> Entries supplied:
———

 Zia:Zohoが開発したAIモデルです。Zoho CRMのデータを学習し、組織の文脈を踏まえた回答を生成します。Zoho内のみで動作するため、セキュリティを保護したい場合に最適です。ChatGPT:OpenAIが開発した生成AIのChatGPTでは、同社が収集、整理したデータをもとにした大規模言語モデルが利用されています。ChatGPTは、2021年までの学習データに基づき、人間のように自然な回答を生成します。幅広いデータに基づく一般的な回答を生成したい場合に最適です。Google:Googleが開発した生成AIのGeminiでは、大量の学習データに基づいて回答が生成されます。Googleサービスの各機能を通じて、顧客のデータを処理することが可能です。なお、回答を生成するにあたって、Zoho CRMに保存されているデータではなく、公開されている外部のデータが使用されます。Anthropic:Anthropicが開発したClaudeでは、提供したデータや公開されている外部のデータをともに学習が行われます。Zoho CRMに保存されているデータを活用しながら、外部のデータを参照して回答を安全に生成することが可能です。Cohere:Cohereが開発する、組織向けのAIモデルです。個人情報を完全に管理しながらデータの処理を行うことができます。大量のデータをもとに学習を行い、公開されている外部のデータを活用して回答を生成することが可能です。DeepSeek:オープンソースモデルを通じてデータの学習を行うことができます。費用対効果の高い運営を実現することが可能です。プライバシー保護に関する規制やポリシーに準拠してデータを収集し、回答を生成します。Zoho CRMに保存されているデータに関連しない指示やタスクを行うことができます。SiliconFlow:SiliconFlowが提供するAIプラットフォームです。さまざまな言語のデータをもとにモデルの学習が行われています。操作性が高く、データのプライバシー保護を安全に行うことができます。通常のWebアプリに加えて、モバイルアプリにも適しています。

———

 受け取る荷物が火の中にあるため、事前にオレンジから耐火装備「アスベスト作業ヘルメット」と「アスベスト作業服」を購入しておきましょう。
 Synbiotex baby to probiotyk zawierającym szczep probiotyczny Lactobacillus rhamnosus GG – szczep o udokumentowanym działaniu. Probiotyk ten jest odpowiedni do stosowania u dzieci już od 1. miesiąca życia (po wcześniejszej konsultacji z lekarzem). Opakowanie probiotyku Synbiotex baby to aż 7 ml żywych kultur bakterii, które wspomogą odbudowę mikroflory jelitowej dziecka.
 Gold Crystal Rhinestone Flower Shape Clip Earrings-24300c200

———

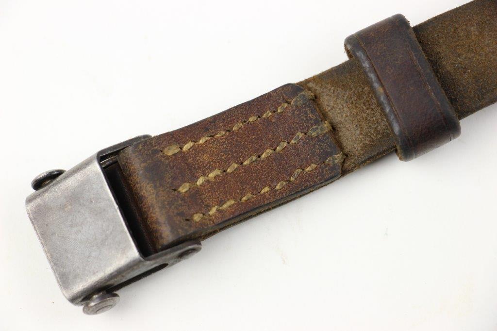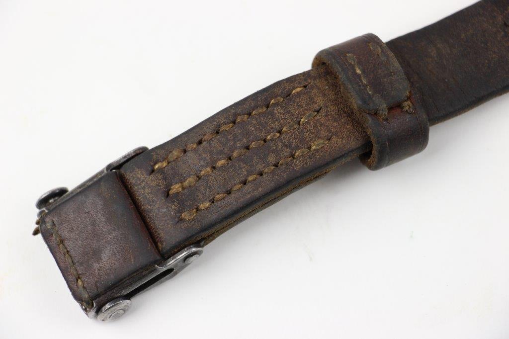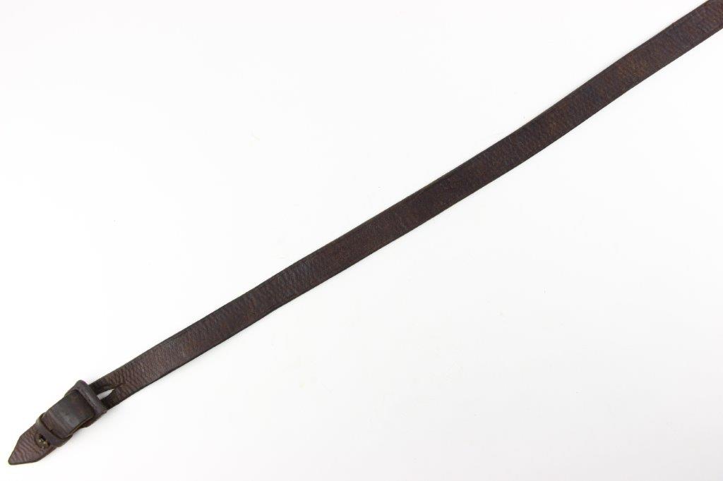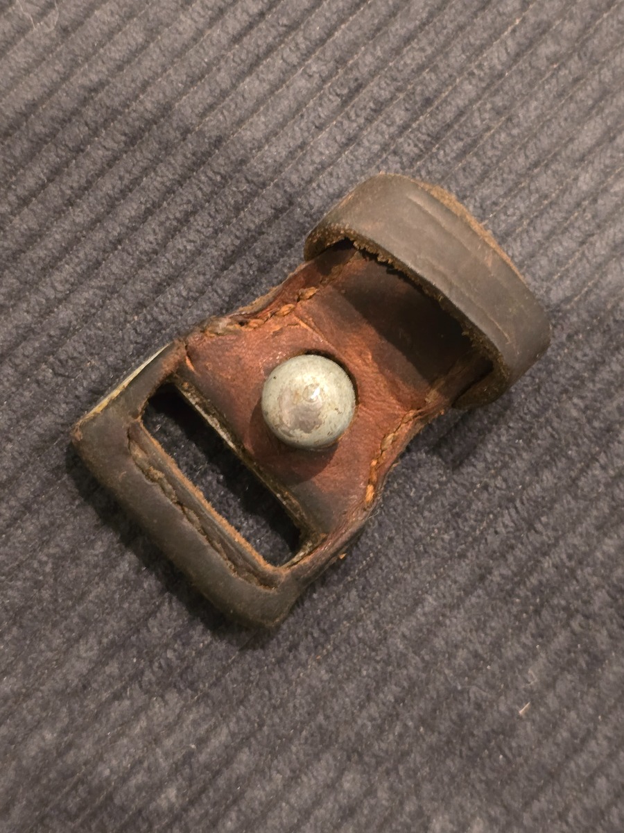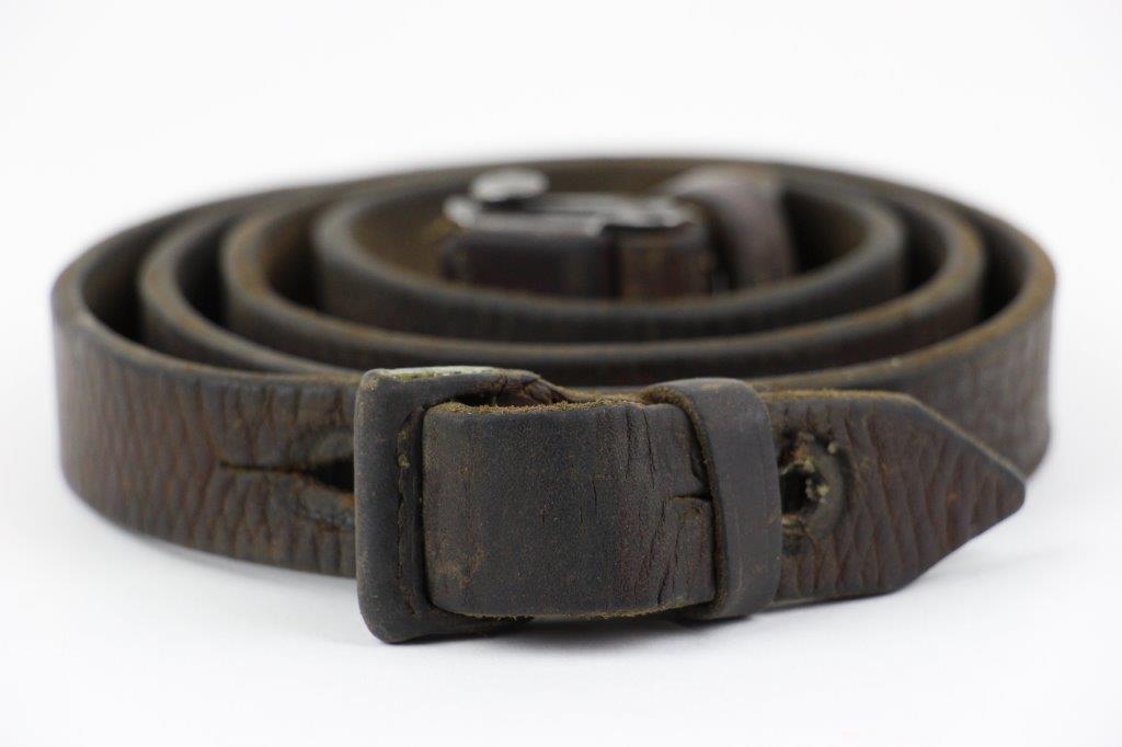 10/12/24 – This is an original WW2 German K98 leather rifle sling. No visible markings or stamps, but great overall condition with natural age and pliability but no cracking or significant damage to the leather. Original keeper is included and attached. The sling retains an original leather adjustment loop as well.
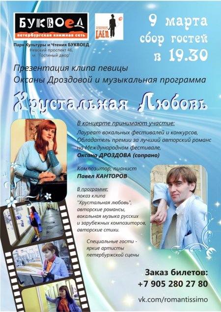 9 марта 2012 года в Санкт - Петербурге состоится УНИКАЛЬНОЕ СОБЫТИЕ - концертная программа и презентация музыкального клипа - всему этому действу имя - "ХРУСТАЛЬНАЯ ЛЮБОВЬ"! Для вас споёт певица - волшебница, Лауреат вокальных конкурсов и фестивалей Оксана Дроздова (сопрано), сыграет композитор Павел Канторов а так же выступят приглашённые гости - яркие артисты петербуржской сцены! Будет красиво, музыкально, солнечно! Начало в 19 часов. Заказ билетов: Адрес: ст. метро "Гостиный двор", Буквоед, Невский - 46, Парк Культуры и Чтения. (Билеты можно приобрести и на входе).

———

> Task instructions:
Your task is to copy only the lines above starting at the one containing "10/12/24 – This" and ending at the one containing "9 марта 2012". Copy them exactly, both ends included, and omit the pictures.

> Response box:
 10/12/24 – This is an original WW2 German K98 leather rifle sling. No visible markings or stamps, but great overall condition with natural age and pliability but no cracking or significant damage to the leather. Original keeper is included and attached. The sling retains an original leather adjustment loop as well.
 9 марта 2012 года в Санкт - Петербурге состоится УНИКАЛЬНОЕ СОБЫТИЕ - концертная программа и презентация музыкального клипа - всему этому действу имя - "ХРУСТАЛЬНАЯ ЛЮБОВЬ"! Для вас споёт певица - волшебница, Лауреат вокальных конкурсов и фестивалей Оксана Дроздова (сопрано), сыграет композитор Павел Канторов а так же выступят приглашённые гости - яркие артисты петербуржской сцены! Будет красиво, музыкально, солнечно! Начало в 19 часов. Заказ билетов: Адрес: ст. метро "Гостиный двор", Буквоед, Невский - 46, Парк Культуры и Чтения. (Билеты можно приобрести и на входе).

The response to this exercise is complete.